As librarians, we are asked every day to verify if websites, books, or articles can be trusted. Is the information they contain factual, an opinion, or propaganda? In this one-hour class, I’ll show you how to determine for yourself if something you read is a credible piece of information. We’ll look at tall-tale signs that information may be inaccurate and how to find out where the information came from.
Win online debates by backing up your statements and debunking false ones! In this one-hour class, I’ll show you how to determine for yourself if something you read is a credible piece of information. We’ll look at tall-tale signs that information may be inaccurate and how to find out where the information came from.
How do you know if an online story is real or fake news? It can be tricky with emotional words tapping into the high stress of the 24/7 news cycle. Learn how to spots the signs of inaccurate news and how to find out the truth via credible sources in this one-hour class.
Answer: Take Four
Note: I just remembered that I did my first ghostwriting about a month ago.
I am very grateful for the opportunity to appear in some form in three different libraryland publications. First up is American Libraries on page 30. It’s more of a selling piece for my Library Technology Report on Digital Media Labs in Libraries.
Next is in Library Journal in an article for Ad/Lib “a website that showcases graphic and communication design work by/for the library community.” So far I haven’t found a digital copy of the article online. The American Girls posters from my library are seen in the article and an embarrassing little blurb from me.
Finally, I was contacted to contribute some information about the NaNoWriMo programs held at my library to an online School Library Journal article.
Overall, not a bad week for me!
I’m sorry for the lack of updates to this work journal. I may have taken on a few too many freelance projects, so this blog is getting neglected.
Today I taught a newspaper/history/genealogy class to a group of second graders. It was painfully awkward as I wasn’t sure what to expect or how the class should be taught. I spent way more time prepping, searching for books, and asking my supervisor for assistance, than the length of the actual class. The second graders were brilliant and wicked smart. They asked me questions about historical topics that I didn’t hear about until middle school! They also put me on the spot a few times with questions about WWII and current political climates. I managed to skate by with “….he had issues and did bad things” (regarding Hitler).
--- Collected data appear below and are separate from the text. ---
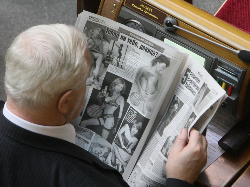 Сегодня в Верховной Раде коммунист Валентин Матвеев, который является заместителем председателя фракции Коммунистической партии, рассматривал фото обнаженных девушек.
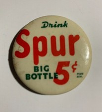 DRINK SPUR Soda Pop 5 Cents 12oz Bottle Advertising Button Pin PINBACK Vintage
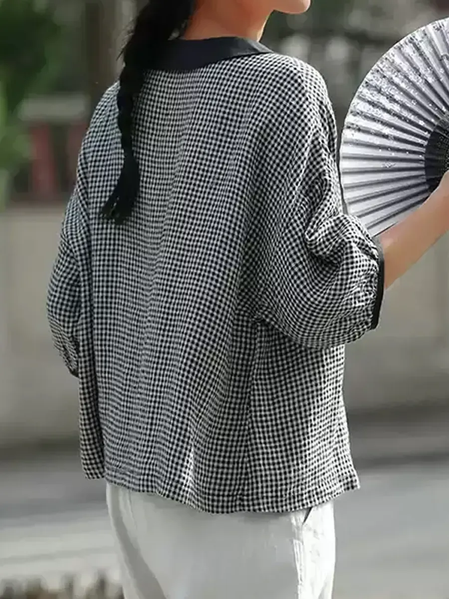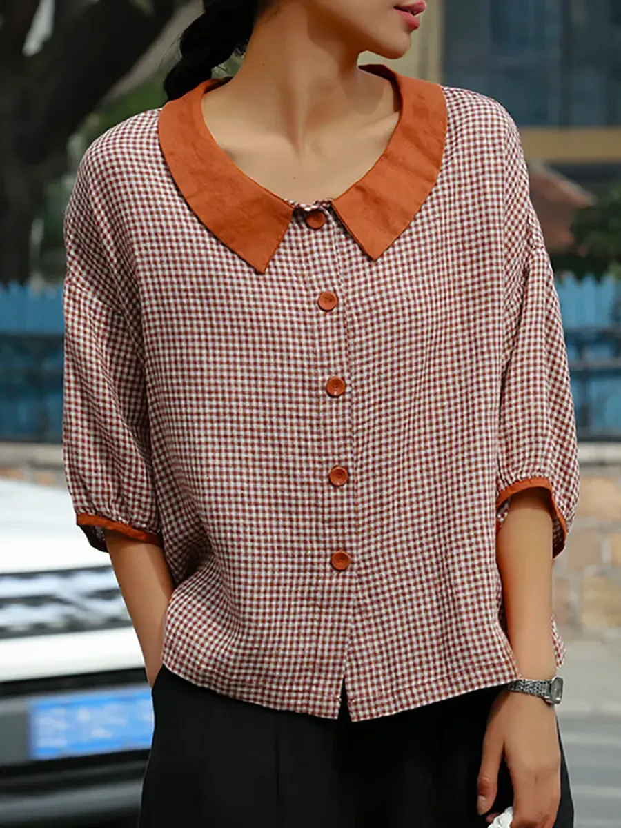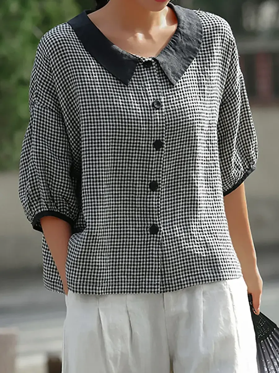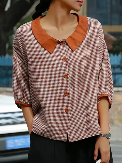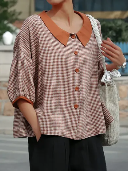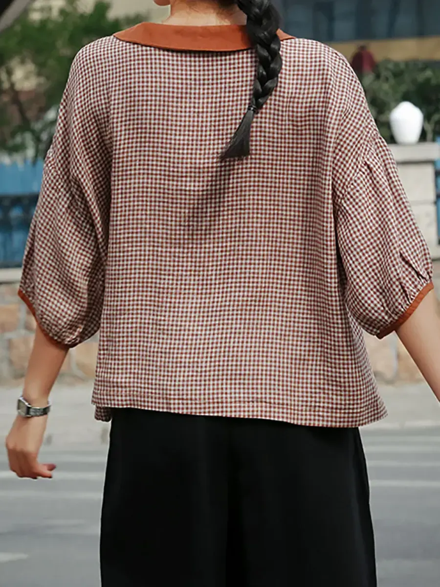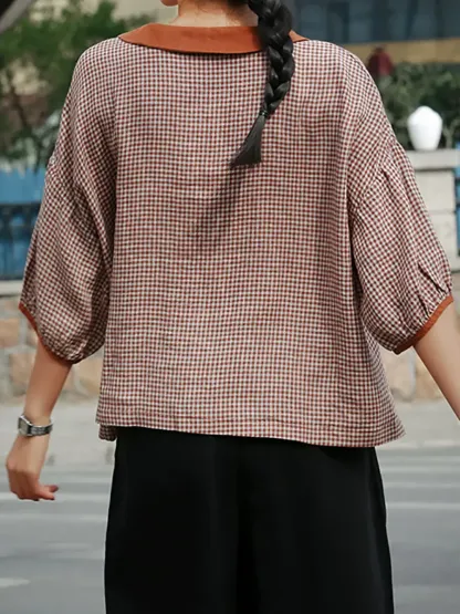 Women's Retro Plaid Pattern Art Casual 3/4 Sleeve Cotton Shirt

Then tonight I went to the writers’ group where we critique each other’s work. The other writers there make up a colorful cast. My non-fiction piece completely threw them for a loop since it’s of a technical nature. After I turned in #bigproject in January of 2013, I was completely burned out and aside from writing emails, texting, and occasionally updating this blog, I have not written since then.
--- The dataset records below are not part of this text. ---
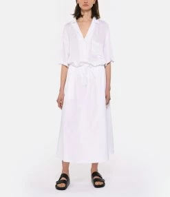 Short taille haute blanc en dentelle de coton. Fermeture par crochet et zip. Passants pour ceinture. Deux poches à l’avant. Base droite.
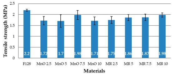 The tensile strength value for F128 silicone is 2.2 MPa, the highest value among all the tested materials. For the MnO 2.5 material, a decrease in the tensile strength value by 22% was observed, compared to the base material (1.72 MPa). The tensile strength value for the MnO 5 material, equal to 1.7 MPa, is similar to the value for MnO 2.5. For the MnO 7.5 material, a significant increase in the tensile strength value was observed in comparison with the two composites containing 2.5 and 5% of the filler in the structure. MnO 7.5 is characterized by a tensile strength value equal to 1.98 MPa. For the MnO 10 material, the tensile strength value decreased again to a value similar to that of MnO 2.5 and MnO 5 (1.71 MPa). For the composites that used a manganese residue filler, it was noticed that tensile strength increased, along with concentration of the filler. The tensile strength value for MR 2.5 is 1.75 MPa, MR 5—1.86 MPa, MR 7.5—1.87 MPa, and MR 10—1.98 MPa. The tensile strength value for MR 10 is equal to the MnO 7.5 value and both these values represent the highest tensile strength values among the tested materials.
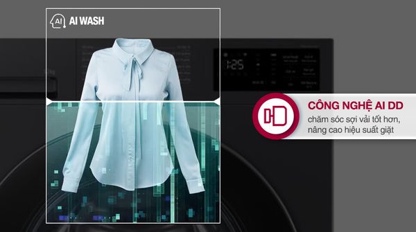 Công nghệ AI DD bảo vệ sợi vải giúp máy nhận biết khối lượng và chất liệu sạch, từ đó điều chỉnh chuyển động làm sạch phù hợp để làm sạch hiệu quả và hạn chế hoạt động mạnh lên sợi vải.
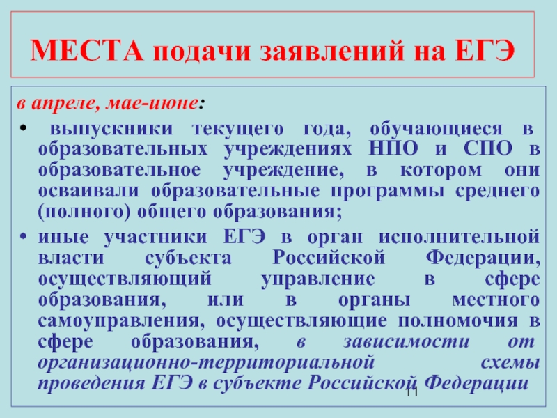 Слайд 11МЕСТА подачи заявлений на ЕГЭ
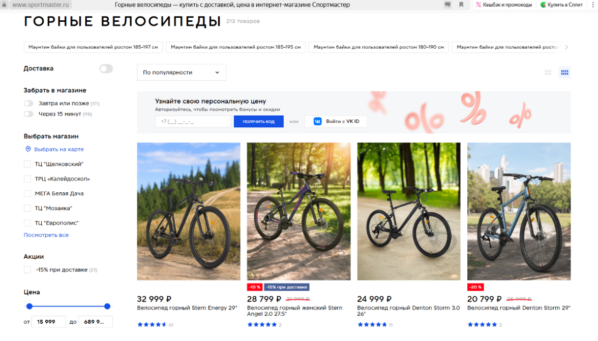 На странице категории «Горные велосипеды» тоже может обнаружиться масса пробелов: мало фильтров или они неудобные, нет сортировки по важным параметрам, нет SEO-текста или он слабый, нет описания ключевых типов/брендов внутри категории, нет блока с популярными/рекомендуемыми товарами.
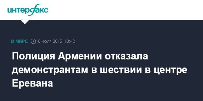 Москва. 6 июля. INTERFAX.RU - В полиции Армении заявили, что не позволят демонстрантам провести шествие по центральным улицам Еревана.
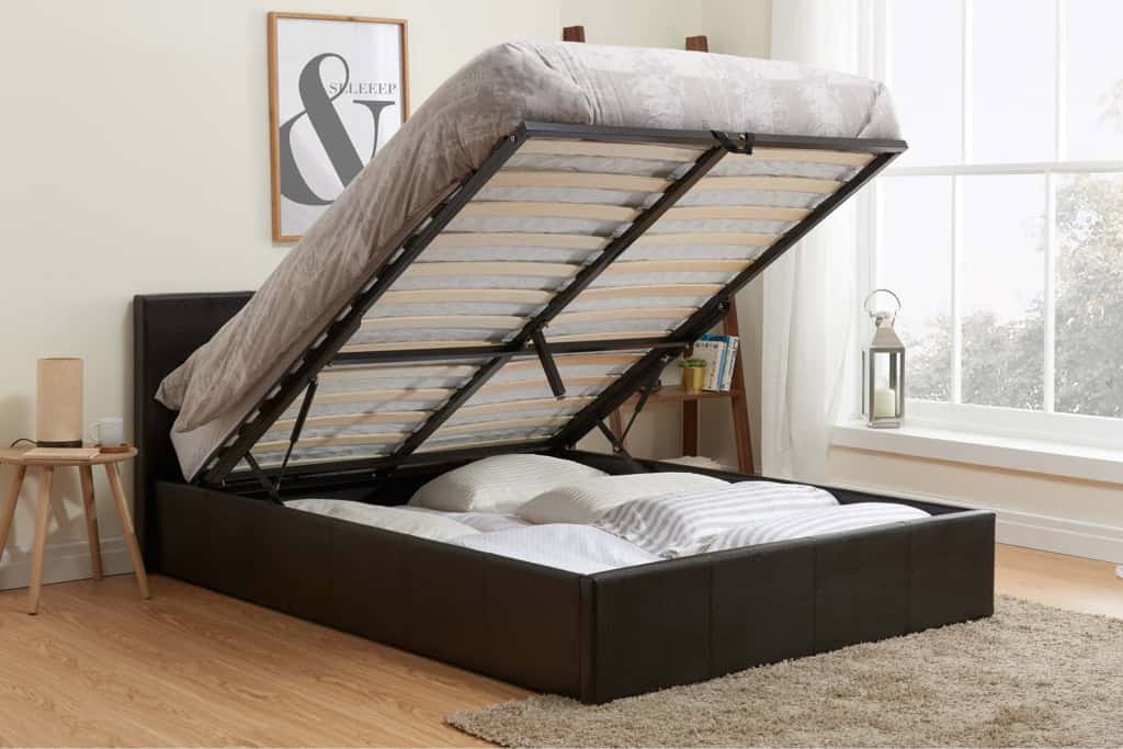 The Berlin Bedframe is a classic design that compliments a wide range of modern bedroom spaces with it's understated yet elegant contemporary appearance. It's simplicity is contrasted by luxurious upholstery, creating a versatile look that is sure to stand the test of time. It's been constructed from a solid hardwood frame which makes for a sturdy and robust structure that not only ensures durability but also keeps the bedframe feeling solid and stable throughout use, minimizing motion disturbance throughout the night. The bedframe has been upholstered in a modern black faux leather fabric for an on-trend appearance, making a sophisticated statement as a centre piece in any bedroom. it has a plain and simple tall headboard with a low foot end - which opens up the bedframe and gives the illusion of more bed space and allows the bed to be admired from all angles. The two combined make this bedframe a great option for those who prefer a more minimalist style. It has dark wooden feet, which adds both style and a touch of sophistication and this bedframe has been finished with a sprung slatted base with a natural bounce, adjusting to where pressure is most exerted for greater comfort and gives you extra support. This bed also has a practical lift up ottoman base to enhance your bedroom storage, constructed from light wood. It's quick and simple to use and is perfect for storing clothing, spare linen, blankets and other light items.

By joining a second writers’ group, I’m trying to get more integrated in the local area. I lack a healthy appreciation for/recognizance semi-recent names of immigrants for the last century. So while people I have met here in CT are quick to tell you that they’re Irish-American, I don’t share the same experience since I personally identify first and foremost as being from the mountains of NC. The Old World is something that no one I know from home ever considers. Therefore it’s an eye-opening experience to have people drop in proud with the name of their ancestors’ foreign country of origin.
Last night, way later than I’m usually up (whoo, staycation!), I thought to Google the title of my UX Magazine piece. In doing so, I found several kind words:
The first paragraph of this well-written article might just make you tear up a bit but keep reading. Amanda Goodman makes a good case that “user experience is an important tool for libraries to employ against a number of competitors like bookstores and at-home Internet access.” Indeed.
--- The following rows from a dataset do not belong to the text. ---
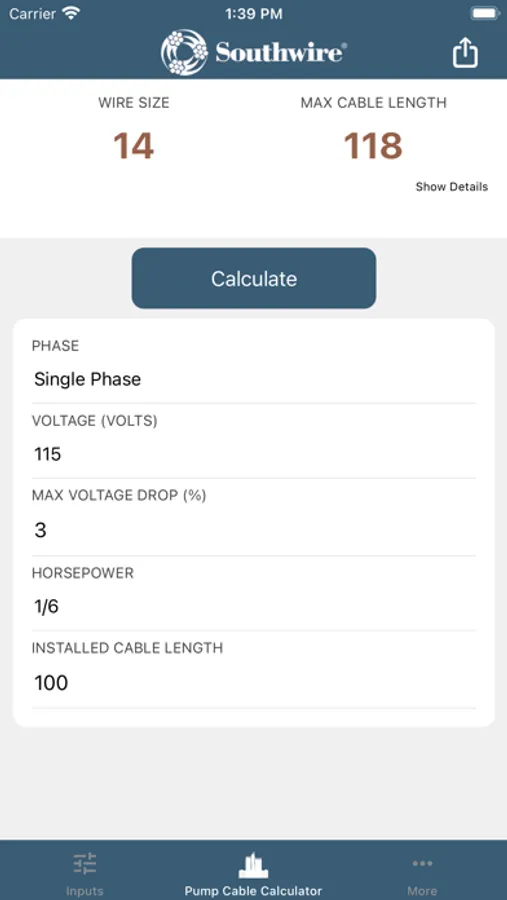 Calculates the proper wire size or install length needed for various installation methods of pump cable, per NEC® recommendations.
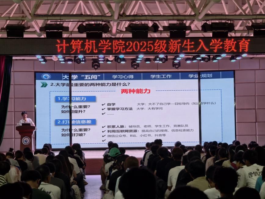 (通讯员:段海晶 摄影:邓李托)2025年9月27日,计算机学院有幸邀请到全国道德模范汪勇、武汉玄云网络科技有限公司总经理丁子恒,湖北警官学院学生彭正杨,在读网络2301班辛治君4位优秀学长,组团为我院25级新生送来“成长心语”。
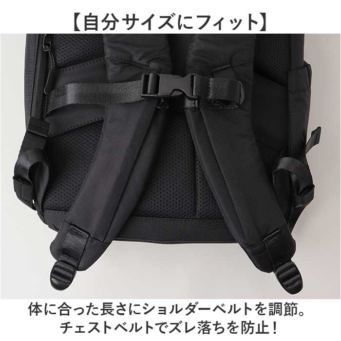 ・体に合った長さにショルダーベルトを調節。チェストベルトでズレ落ちを防止!
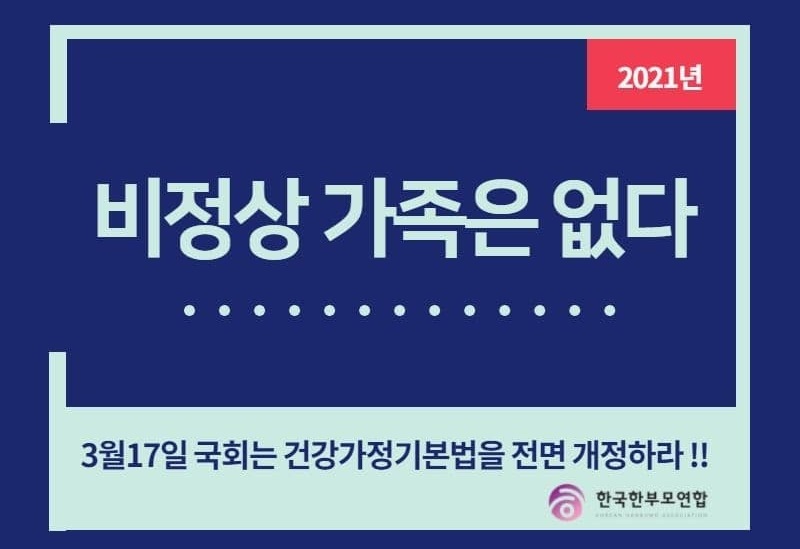 ![]() ▲ ‘건강가정’ 등의 분류를 통해 ‘정상성’ 규범을 강화하는 건강가정기본법의 전면 개정을 촉구하는, 한국한부모연합이 제작한 카드뉴스. “비정상 가족은 없다” |
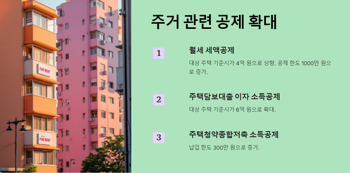 주거비 부담 완화를 위해 관련 공제도 대폭 강화되었습니다.
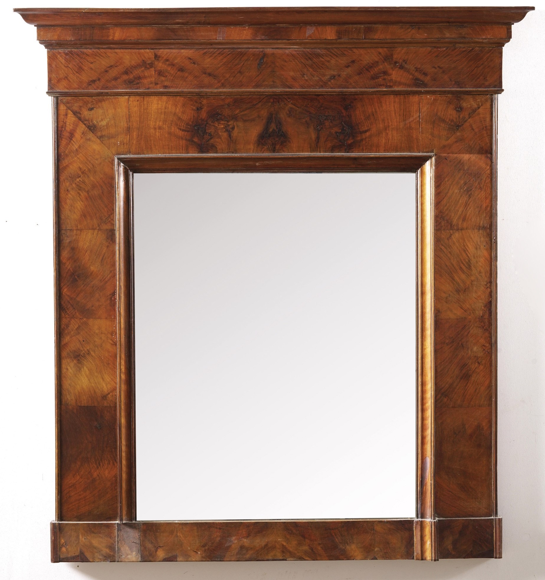 Caminiera Impero lastronata in piuma di mogano. XIX secolo

This is gold! Very inspiring.
Let me add, that Googling the article was a bit of a terrifying experience. I have not cultivated a tough shell for receiving criticism yet, so it was a leap of faith to do this. I was pleasantly surprised at these kind words! In the future, I hope to get greater constructive feedback on my work as well.
So I ran into a lot of trouble on my pet project Drupal site these last few days. I finally managed to solve one of my issues after two days of researching the issue: in order to show a backlinks tab (what references this node) on a particular node, I had to set the path to be /node/%/references. Then in the Arguments (which are now called contextual references in Drupal 7), I had to set it to NID. I will do a write-up later of my View which is using the Entity Reference module to make the connection between nodes.
The Relation module slowed me down for a day and a half. The prospect is promising: instead of just making a vague reference from Node A to Node B (oh, yeah: also in Drupal 7, the different pieces of a website — comments, nodes, etc. — are called entities), you make a new connective entity (a relation) between the two nodes. So now you’d have Node A –> Relation –> Node B. On the relation, you can add other fields. I was thinking that I could turn my relation into a family-like page so I could include stuff like how many children Person A had with Person B. Or if they ever married, if so, where and for how long? I watched several tutorials before finding one that promised if I used the Dummy Relation Widget, I could print out the Relation info + all those extra rich fields on Node A and Node B. Yes! Yes! How exciting!
An hour later I realized that the Dummy Relation widget had been broken and/or the working components had been removed months prior — according to the issues filed. I could make the Relation but when I visited this newly created entity, the “page” was broken. This meant I could not pull the data back out. So, there seems to be a lot of high hopes for this module, but at the current time it is useless.
So, I ended up staying up far too late last night and added the forty or so characters to my website. Did I mention that the point of this website is to be a character database repository — the same thing I was looking for last week? :-)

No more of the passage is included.